◆ **RECORD SET**
Segment Open
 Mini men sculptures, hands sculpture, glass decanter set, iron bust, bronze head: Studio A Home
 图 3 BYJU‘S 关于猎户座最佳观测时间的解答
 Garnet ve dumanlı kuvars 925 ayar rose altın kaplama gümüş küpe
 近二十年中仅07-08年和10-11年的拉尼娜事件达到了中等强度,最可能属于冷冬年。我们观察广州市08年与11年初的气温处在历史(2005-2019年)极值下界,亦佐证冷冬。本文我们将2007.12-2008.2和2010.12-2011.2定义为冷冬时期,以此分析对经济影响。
Segment Closed
Segment Open
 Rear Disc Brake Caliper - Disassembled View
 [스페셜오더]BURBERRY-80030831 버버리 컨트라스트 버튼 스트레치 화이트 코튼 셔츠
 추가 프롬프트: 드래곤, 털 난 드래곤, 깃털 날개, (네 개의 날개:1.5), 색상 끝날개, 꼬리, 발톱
Segment Closed
Segment Open
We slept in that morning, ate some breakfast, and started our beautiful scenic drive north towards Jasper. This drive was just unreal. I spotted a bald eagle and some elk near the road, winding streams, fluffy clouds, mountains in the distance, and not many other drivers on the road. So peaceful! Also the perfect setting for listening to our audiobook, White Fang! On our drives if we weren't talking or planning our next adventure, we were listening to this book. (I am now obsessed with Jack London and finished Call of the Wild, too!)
Segment Closed
◆ **WHAT YOU ARE ASKED TO DO**
Look above for the line holding "Garnet ve dumanlı" and the line holding "近二十年中仅07-08年和1". Retype both, and every line between them, word for word and nothing else.

◆ **ANSWER FOR THIS EXERCISE**
 Garnet ve dumanlı kuvars 925 ayar rose altın kaplama gümüş küpe
 近二十年中仅07-08年和10-11年的拉尼娜事件达到了中等强度,最可能属于冷冬年。我们观察广州市08年与11年初的气温处在历史(2005-2019年)极值下界,亦佐证冷冬。本文我们将2007.12-2008.2和2010.12-2011.2定义为冷冬时期,以此分析对经济影响。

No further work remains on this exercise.